Ponerorchis papilionacea

Scientific classification
- Kingdom: Plantae
- Clade: Tracheophytes
- Clade: Angiosperms
- Clade: Monocots
- Order: Asparagales
- Family: Orchidaceae
- Subfamily: Orchidoideae
- Genus: Ponerorchis
- Species: P. papilionacea
- Binomial name: Ponerorchis papilionacea (Tang, F.T.Wang & K.Y.Lang) X.H.Jin, Schuit. & W.T.Jin
- Synonyms: Amitostigma papilionaceum Tang, F.T.Wang & K.Y.Lang ;

= Ponerorchis papilionacea =

- Authority: (Tang, F.T.Wang & K.Y.Lang) X.H.Jin, Schuit. & W.T.Jin

Species of flowering plant

Ponerorchis papilionacea is a species of flowering plant in the family Orchidaceae, native to south-central China (north-west Sichuan).

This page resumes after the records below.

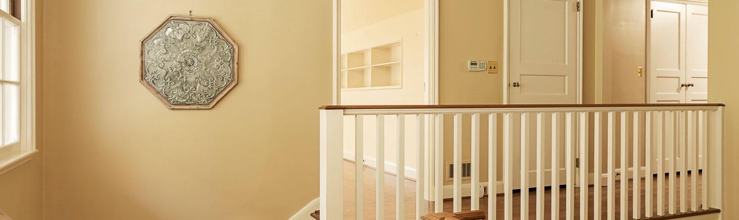The gourmet kitchen features a granite cooking island, high end appliances, white wood cabinetry, and additional storage in the adjacent butler’s pantry. It opens to the family room with a vaulted ceiling and skylights, and French doors that lead to the stone patio overlooking Governor’s Park.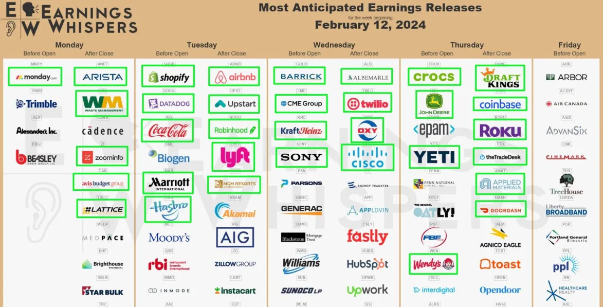 Finally, the earnings are still coming up. Not the companies that will drive the market, but remember, a high Q4 GDP growth makes earnings beats more likely than not.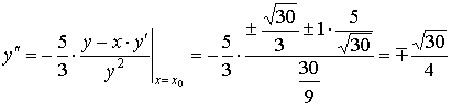 Найдём вторую производную неявно заданной функции в точках М1,2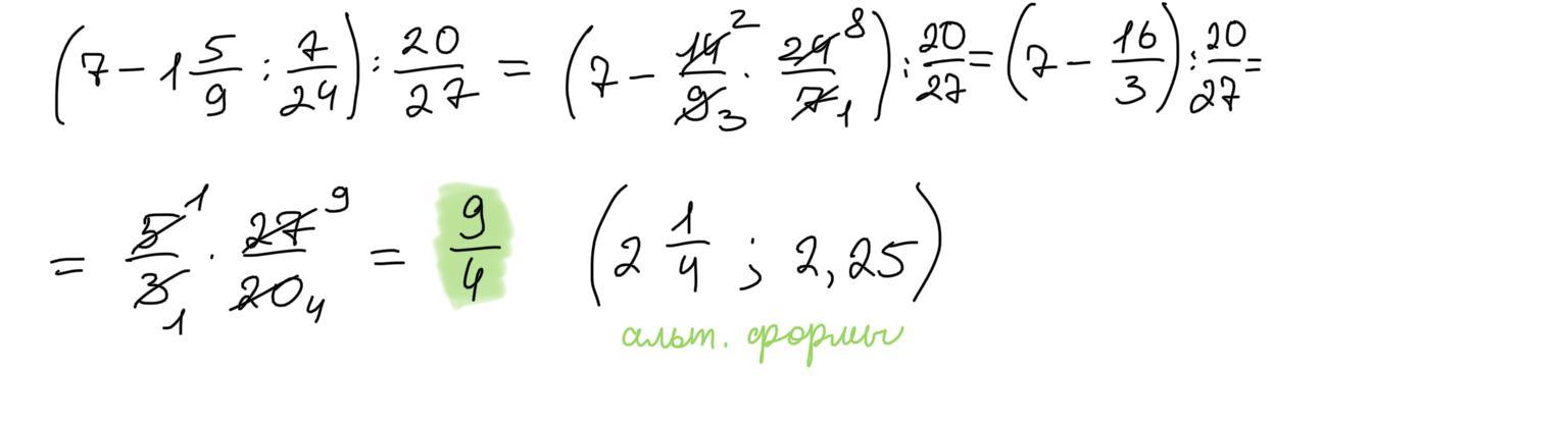 Вычислите: левая круглая скобка 7 минус 1 дробь: числитель: 5, знаменатель: 9 конец дроби : дробь: числитель: 7, знаменатель: 24 конец дроби правая круглая скобка : дробь: числитель: 20, знаменатель: 27 конец дроби . Запишите решение и ответ.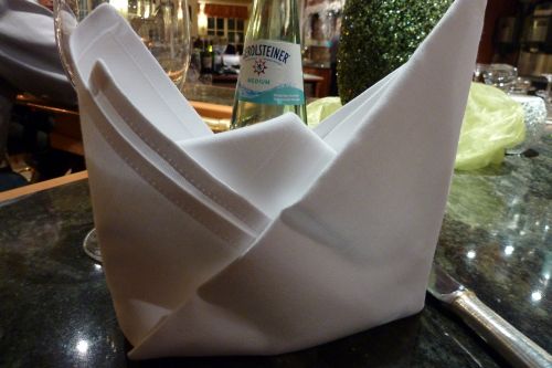 Zuerst brachte man uns einen weißen Hut, den wir aber nicht aufgesetzt haben, denn so alleine am Tresen mit Hut kommt man sich doof vor, wenn der ganze Speisesaal zuschaut.
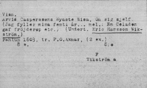 //// V i »&. //// Arvid Casperssors Nyaste Väsa, Gm sig sjelf. (Jag fyller mina fernti år... mel.; En Celader gaf fröjderop etc. , (Uniert. Eric Hansson Wikström . ) ... //// PäFTun 1603, tr, P.O.Axsiur, (2 ex.) //// 8 £;o //// F //// likström a ////
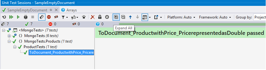 Create a folder named Products inside our MongoTests Project and add a class named ProductTests and create a test as shown: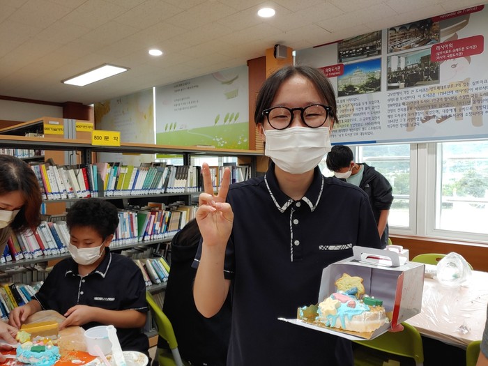 체험 주제는 ‘여름바다 케이크 만들기’로 케이크 디자인을 직접 구상하고 다양한 방법으로 꾸며보는 활동을 통해 파티시에를 간접 체험했다.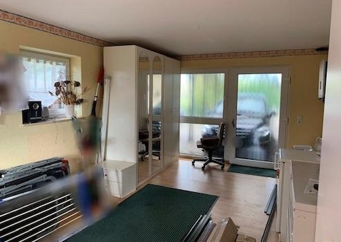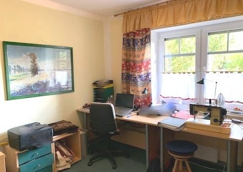 Als Büro (rund 17 m²) ist die ehemalige Garage ausgebaut.

Plants of the World Online considers it an unplaced taxon – "names that cannot be accepted, nor can they be put into synonymy."

==Taxonomy==
The species was first described in 1982 as Amitostigma papilionaceum. A molecular phylogenetic study in 2014 found that species of Amitostigma, Neottianthe and Ponerorchis were mixed together in a single clade, making none of the three genera monophyletic as then circumscribed. Amitostigma and Neottianthe were subsumed into Ponerorchis, with this species becoming Ponerorchis papilionacea. The genus Ponerorchis has now been synonymized with the genus Hemipilia, but the species name is now considered unplaced.